** RECORD EXCERPTS follows **

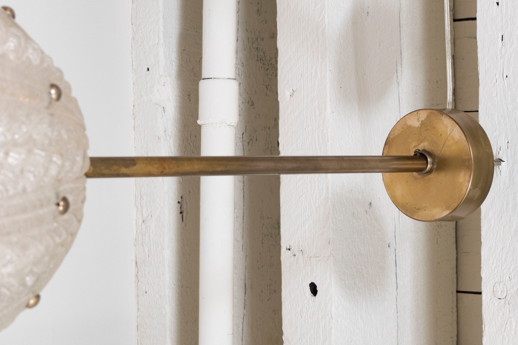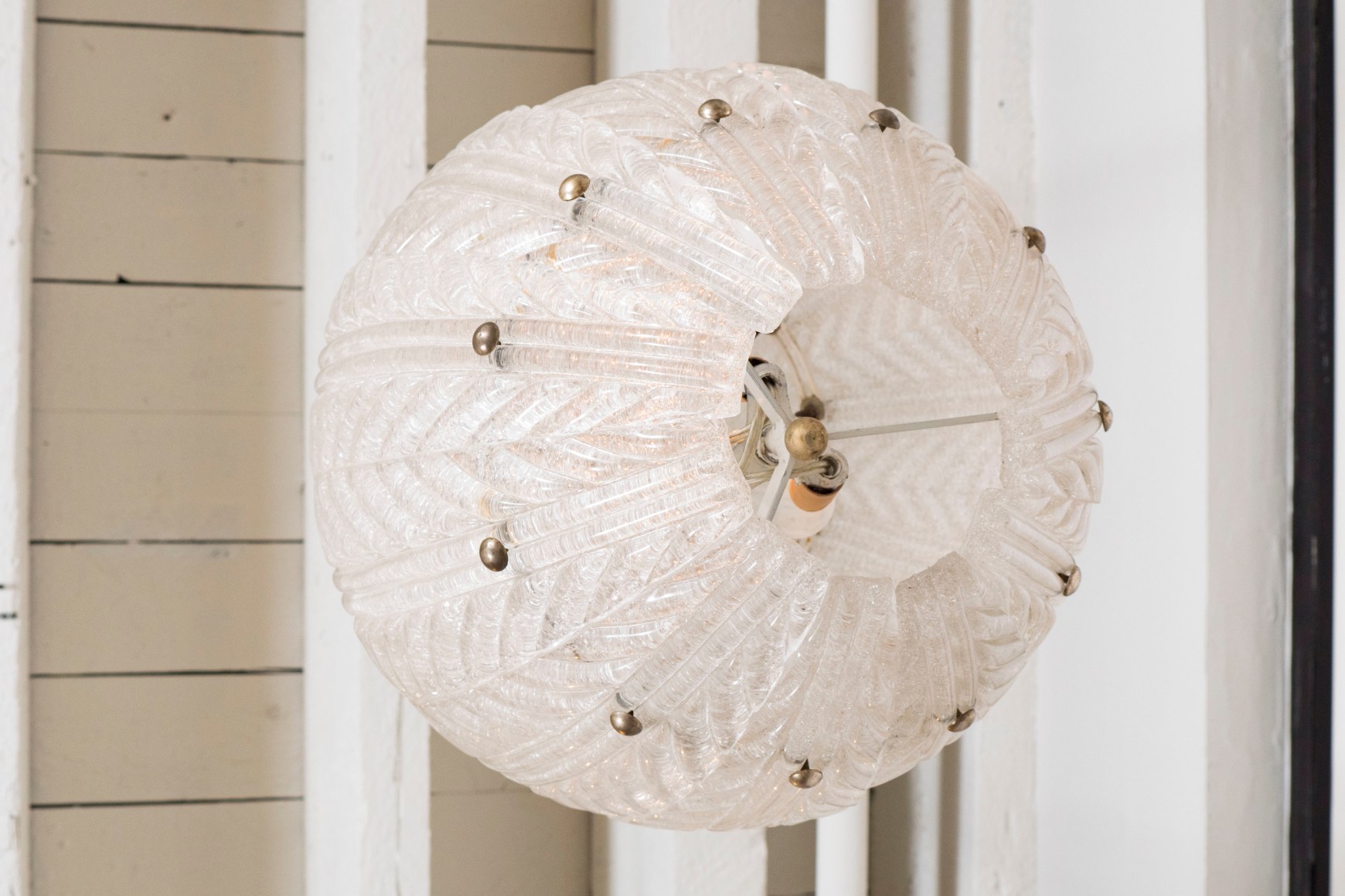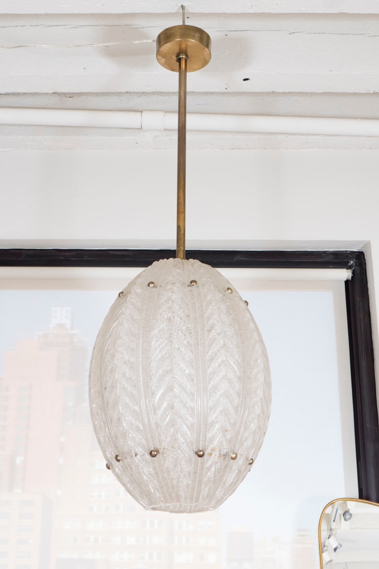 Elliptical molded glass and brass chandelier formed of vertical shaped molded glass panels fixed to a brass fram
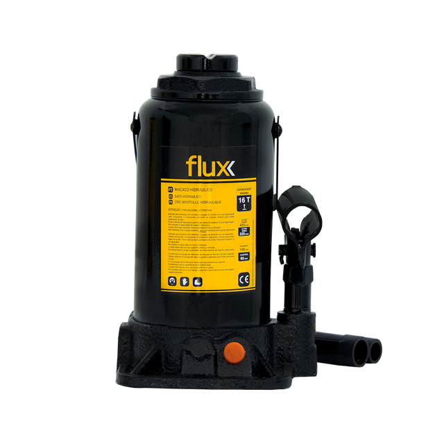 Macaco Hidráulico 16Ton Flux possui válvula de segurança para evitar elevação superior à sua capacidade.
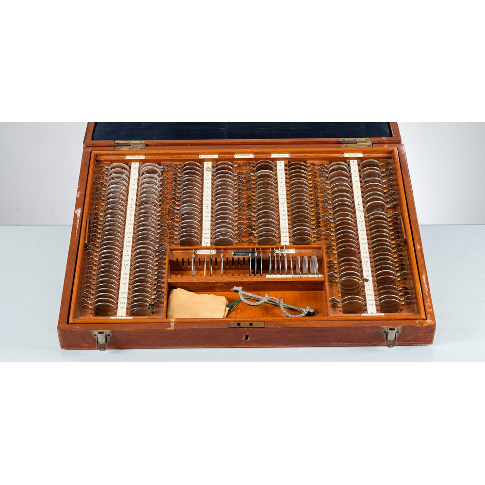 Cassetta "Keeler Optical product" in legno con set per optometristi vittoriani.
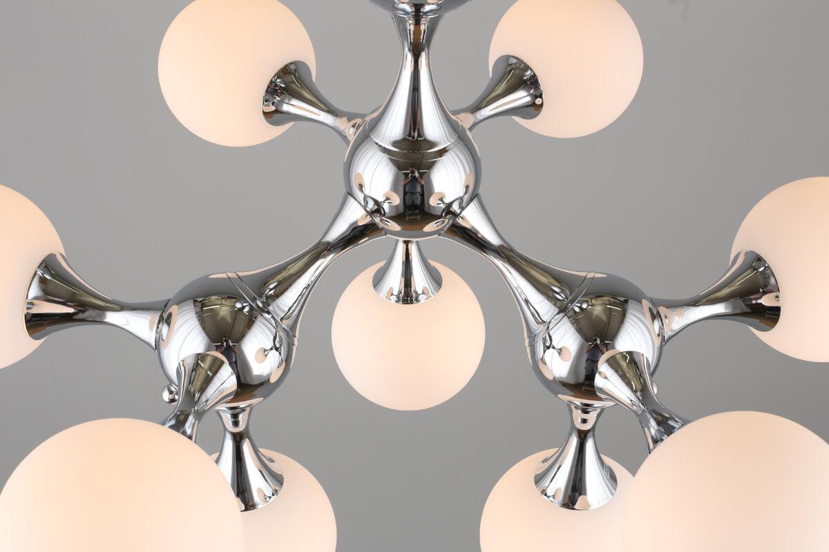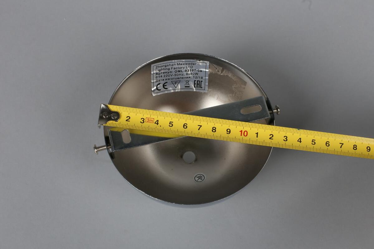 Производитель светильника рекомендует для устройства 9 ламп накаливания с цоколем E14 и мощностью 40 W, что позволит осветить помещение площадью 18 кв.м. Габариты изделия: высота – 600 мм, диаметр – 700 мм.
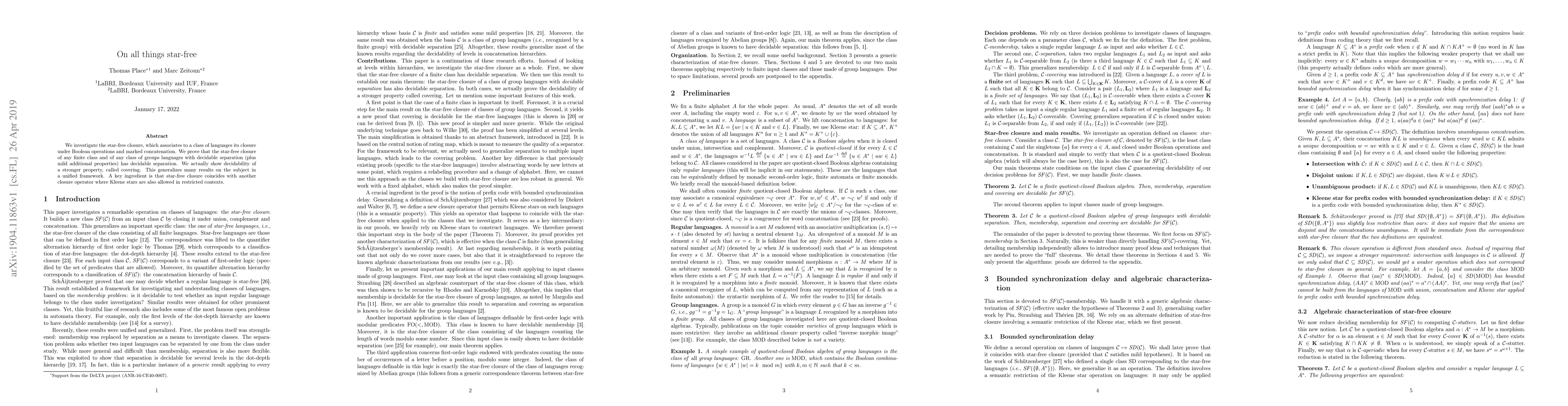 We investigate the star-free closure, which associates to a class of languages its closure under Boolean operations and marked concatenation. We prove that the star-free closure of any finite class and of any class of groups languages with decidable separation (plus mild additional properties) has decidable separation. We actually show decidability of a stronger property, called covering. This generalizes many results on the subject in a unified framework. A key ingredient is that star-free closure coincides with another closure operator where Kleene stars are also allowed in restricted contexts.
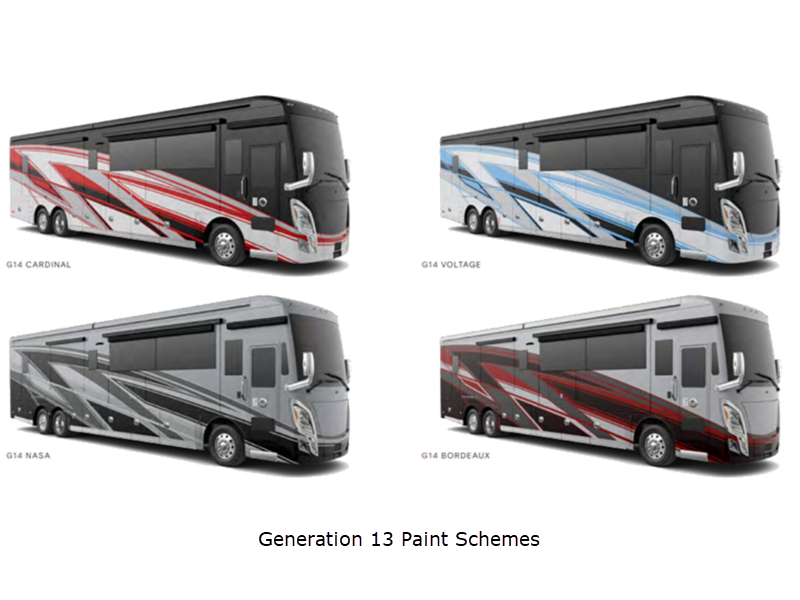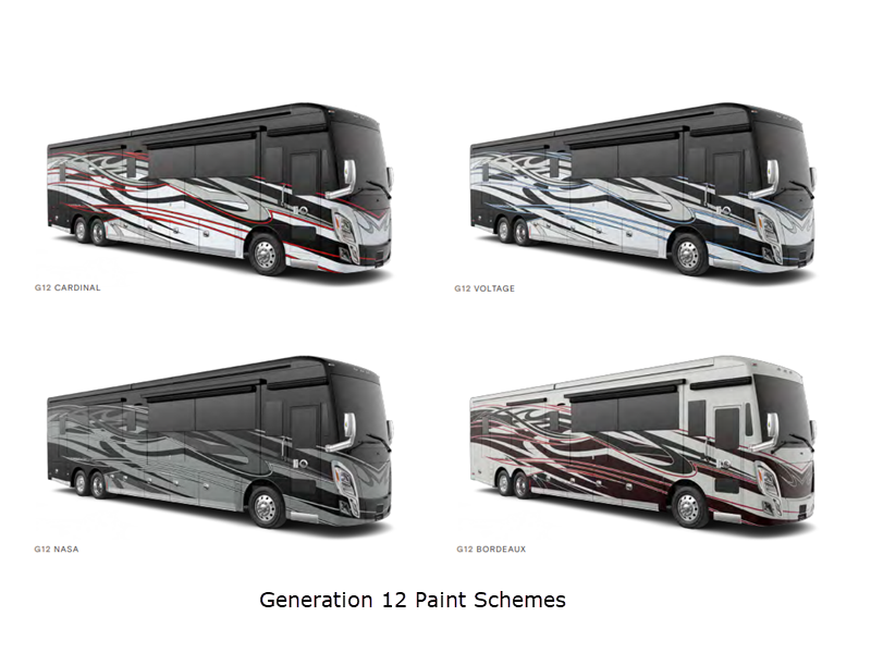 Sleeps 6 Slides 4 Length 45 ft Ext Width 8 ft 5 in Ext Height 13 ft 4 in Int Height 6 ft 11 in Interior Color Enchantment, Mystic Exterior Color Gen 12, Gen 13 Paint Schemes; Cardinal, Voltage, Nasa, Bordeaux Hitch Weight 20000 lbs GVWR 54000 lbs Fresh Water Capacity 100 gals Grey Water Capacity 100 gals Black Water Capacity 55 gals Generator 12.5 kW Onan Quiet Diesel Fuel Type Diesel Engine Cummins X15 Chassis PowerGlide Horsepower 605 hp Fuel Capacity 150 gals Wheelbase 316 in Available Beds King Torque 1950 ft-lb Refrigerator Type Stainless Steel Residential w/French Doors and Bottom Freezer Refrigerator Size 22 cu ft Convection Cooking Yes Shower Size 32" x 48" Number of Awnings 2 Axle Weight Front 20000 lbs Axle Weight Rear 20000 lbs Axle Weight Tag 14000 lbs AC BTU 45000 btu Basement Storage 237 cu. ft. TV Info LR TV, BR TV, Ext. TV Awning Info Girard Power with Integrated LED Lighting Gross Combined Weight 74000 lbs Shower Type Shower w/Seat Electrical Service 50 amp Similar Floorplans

** End of RECORD EXCERPTS **
** RECORD EXCERPTS follows **

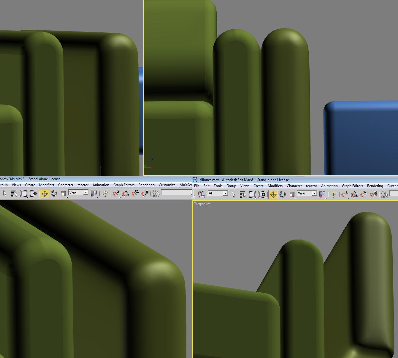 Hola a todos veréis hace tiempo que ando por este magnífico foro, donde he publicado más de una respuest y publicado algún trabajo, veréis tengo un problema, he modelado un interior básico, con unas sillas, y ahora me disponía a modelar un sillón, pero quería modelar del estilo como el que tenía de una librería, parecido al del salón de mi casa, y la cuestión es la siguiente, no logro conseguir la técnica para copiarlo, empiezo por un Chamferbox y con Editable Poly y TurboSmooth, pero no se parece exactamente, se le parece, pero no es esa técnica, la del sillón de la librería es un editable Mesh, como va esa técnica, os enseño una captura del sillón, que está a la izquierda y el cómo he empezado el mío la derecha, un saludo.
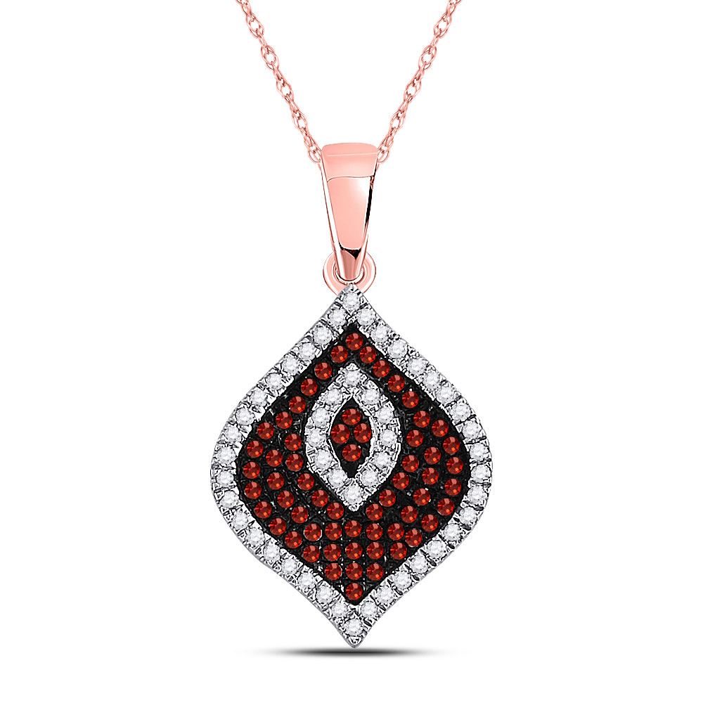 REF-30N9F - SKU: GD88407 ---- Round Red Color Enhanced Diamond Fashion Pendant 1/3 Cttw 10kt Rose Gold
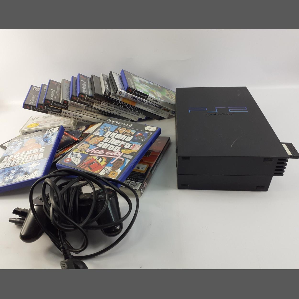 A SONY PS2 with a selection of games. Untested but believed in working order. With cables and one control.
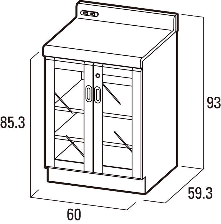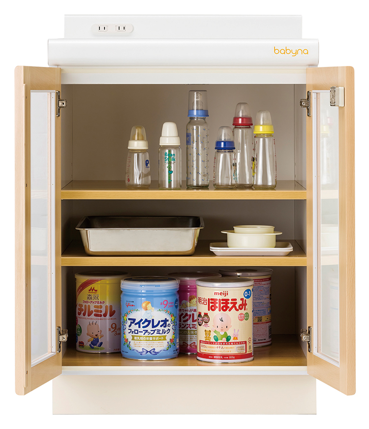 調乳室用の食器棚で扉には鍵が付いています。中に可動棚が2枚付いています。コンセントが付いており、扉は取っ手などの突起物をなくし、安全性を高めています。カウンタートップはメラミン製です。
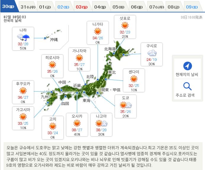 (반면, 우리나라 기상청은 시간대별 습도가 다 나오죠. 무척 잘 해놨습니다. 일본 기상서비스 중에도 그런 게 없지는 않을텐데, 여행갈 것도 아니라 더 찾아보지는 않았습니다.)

** End of RECORD EXCERPTS **

▶ **WHAT THIS TASK INVOLVES**:
The output is the stretch above from the line with "Elliptical molded glass" through the line with "Производитель светильника рекомендует", copied word for word with both ends kept and every picture dropped.

▶ **TASK OUTPUT**:
 Elliptical molded glass and brass chandelier formed of vertical shaped molded glass panels fixed to a brass fram
 Macaco Hidráulico 16Ton Flux possui válvula de segurança para evitar elevação superior à sua capacidade.
 Cassetta "Keeler Optical product" in legno con set per optometristi vittoriani.
 Производитель светильника рекомендует для устройства 9 ламп накаливания с цоколем E14 и мощностью 40 W, что позволит осветить помещение площадью 18 кв.м. Габариты изделия: высота – 600 мм, диаметр – 700 мм.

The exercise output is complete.